What resistance do you see on cpu. Usually for me is simple to reball cpu. Desolder and see resistance when it cool outside board. 3 ohms is always fine.

The spreadsheet is in my signature now. CELL is 3.0 while on the board, I guess I can yank it off in a bit and check, but everything suggests I'm wasting my time.

Entered start data from another CECHA01 in the sheet just now. I'm already guessing this is another dead RSX, but I'm gonna change out CXM4024R in a little bit then dry for reball tomorrow.
 
I believe when board is heated to reball rsx another connection under cpu was lost. Side between them. Your choice not necessarily to do it. I know they are a pain.
Now I have seen your list with tests.
I will probably make video of dia001 this week. Been on table for test with diag and all I see that A0213013. I will reball both. Untouched board.
 
Last edited:
Holy shit guys, syscon rules.

5 second YLOD with A0801701 after repeated A0802022 was indeed CXM4024R. Fired right up after I swapped it out. I'll try to give it a little mini stress test before I reball the RSX (I'm moving all my warranties to 1 year, and I won't trust a 90nm system to last that long without a leaded RSX) so that just in case I kill it during rework, we still got pretty good verification of the results.

I'm putting the CECHE01 back in the queue to reball the CELL for science, might even change out that same chip just cause screw it. Definitely want the results of that now even if it's still dead.
 
Last edited:
Ya know.... I might start not reballing the RSX by default now....
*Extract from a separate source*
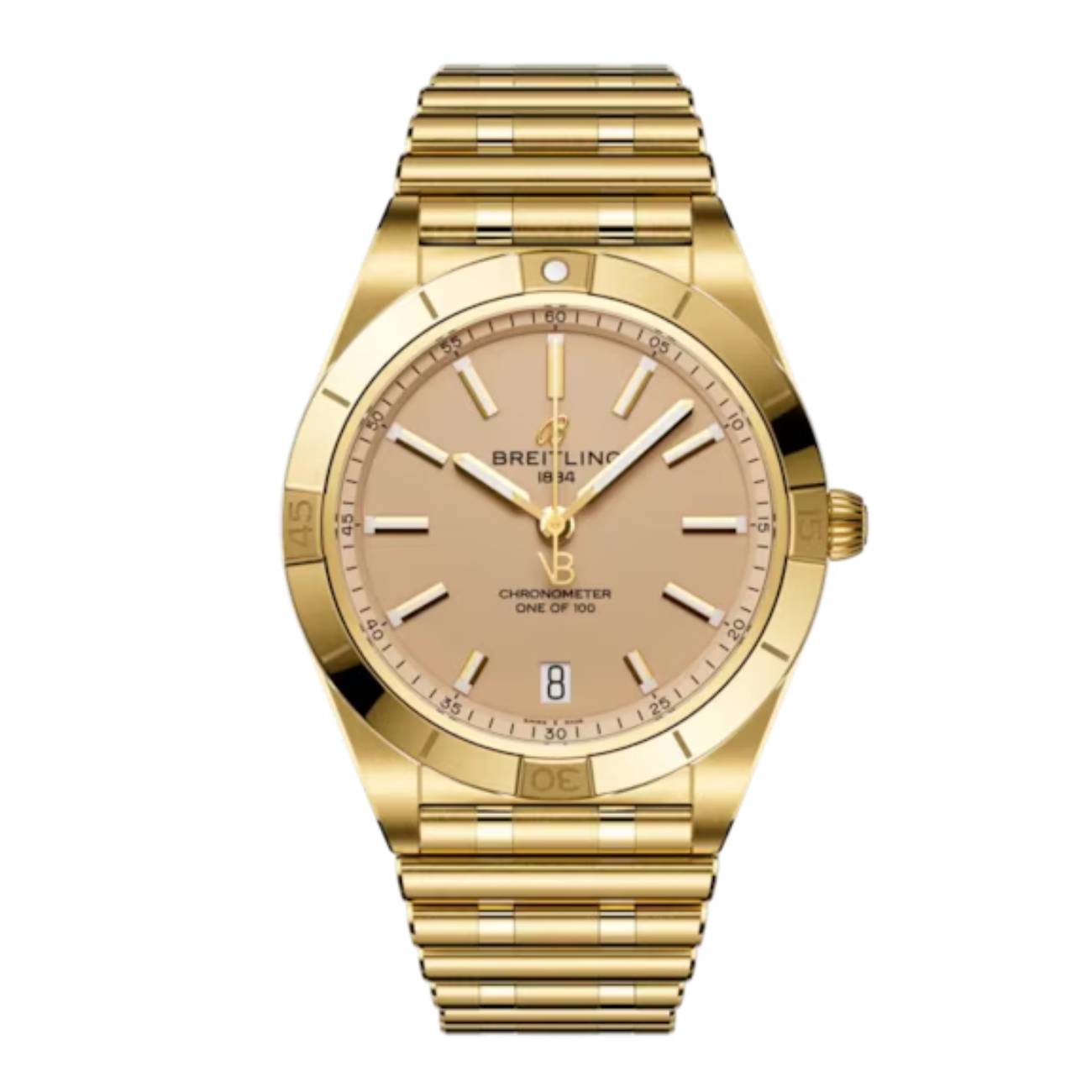 Breitling Chronomat Automatic K103801A1A1K1 36mm Champagne Dial Uni-Directional Ratcheted Bezel 18k Yellow Gold Watch

This is eye opening data when there is a complete analysis. The system will be fully warrantied no matter what, so I'll just let the spreadsheet tell me if I need to start reballing every RSX again.
 
Last edited:
So some GLODs can actually be caused by a faulty CXM4024R... It's an audio/video driver? But what can cause it to fail?
 
So I was preparing the COK-002 board for reballing and left it in the oven to get rid of moisture at around 100 degrees for a bit over two hours. Out of curiosity I decided to test if the machine would start after that, and it did. It had errors 4432 and 3034 before. The RSX has 2.4 ohm before and after. So if the solder balls are lead free, how could 100 degrees have possibly fixed them? Or was 100 degrees enough to slightly bend the board and reconnect the solder ? Could it be that in this case the problem is caused by nec tokins?
 
To be honest this forum needs one thread with reball ideas and suggestions as this will help many people to understand more about bga ic's. . I will open after new year one with videos where I can share my ideas and work.
There was some forums years ago but they disappeared or at least they were intended to sell an specific machine I think.
As I have understand on college an group of RLC is an filter/limitation for courent/voltage. That induction between 2 caps which is inside necs is there with an reason.
Some bga will work if they are in good condition, some not if they cross that limits by filter (necs).
 
Last edited:
@DeadEnd This one was 5 second YLOD. No idea what caused it, active components just like to explode sometimes.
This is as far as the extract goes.